Next up was the longest portion of the evening, the last teaser for Smith’s Satur-19 before he premieres the full anthology work at Mercury Theater from December 6-8th. The section he showed on Friday was the ending, replete with the frantic image overlays and brilliantly destroyed color palettes of the previous sections he’s presented, with the edition of a very late-Godardian series of broken title cards that I don’t recall from the priorly screened works. “Time waits for no one” (also the official title of the excerpt) and “Seduced & Abandoned” flash across the screen along with Smith’s memories, a denouement running through his filmed and imagined memory at the pace of Ulysses’ “Penelope.” The one bit of text ripping itself apart on screen that got to me was “You can do it if you want to” which had “2024” hiding behind it, a mantra that I feel has defined Smith’s artistic ethos overall, but especially his film work as of late.
After an intermission — and plenty of technical difficulties which, if anything, help maintain the genuine DIY charm of these kinds of events as opposed to a sterile perfection — we got treated to Jake Binstock’s Luck (2024) by, of course, Jake Binstock. This was one of the first experimental works he completed after moving back to Maryland from Austin, an archival collage where Binstock searches through old and repurposed images looking for himself in his new home of Baltimore, set to the nowhere music of Angelo Baldamenti’s “Dance of the Dream Man” from Twin Peaks. While being a piece set within a seasonal depression, Binstock’s humor still seeps in through the cracks. It was a good primer for the levity of Julia E. Cooke’s Ham Movie (2024), which is an animated movie about hams, set in a world of hams, with ham neighbors and ham friends — this is a movie I would recommend wholeheartedly.
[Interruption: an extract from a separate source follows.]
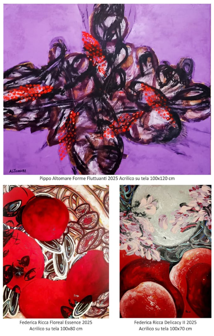 L’esposizione nasce dal dialogo tra due percorsi artistici autonomi che, pur mantenendo una forte identità individuale, trovano nel confronto una crescita reciproca. Le opere mettono in scena un raffinato gioco dialettico di segni, luci e colori: per Altomare, forme vegetali e floreali emergono con forza iconica da superfici vibranti, aprendo a un “altrove” luminoso e contemplativo; per Ricca, una pittura attenta al dettaglio e alla musicalità compositiva trasforma emozioni e stati d’animo in immagini simboliche, attraverso linee, geometrie e cromie reinventate.

We finish with more remix-music pairings, including one of the Phenakisto music set to Lumières brothers’ L’Arrivée d’un train en gare de La Ciotat (1896), one of the most famous pieces of film for the urban legend that the film sent Parisian cafe-goers running as they thought a real train was about to burst through the screen. This becoming the tale of tales for Film 101 is actually a failure of understanding in early film criticism, because it was originally a metaphor penned by Maxim Gorky to describe the subjective feeling one gets when observing the Lumières’ novel invention. Serious discussion turns to whispers, and people forget where things come from and invent how they must’ve felt. But a key part to the experience of Barry’s remixing silent cinema and playing it with cutting edge music that could just as much have a home at a noise set serves to bring back the experientiality of silent film that is easily lost in academic or archaeological impulses — it breathes life back into it. The whole breadth of film history, from the world-historic early days to the contemporary, local avant-garde are hand-in-hand when Barry is hosting.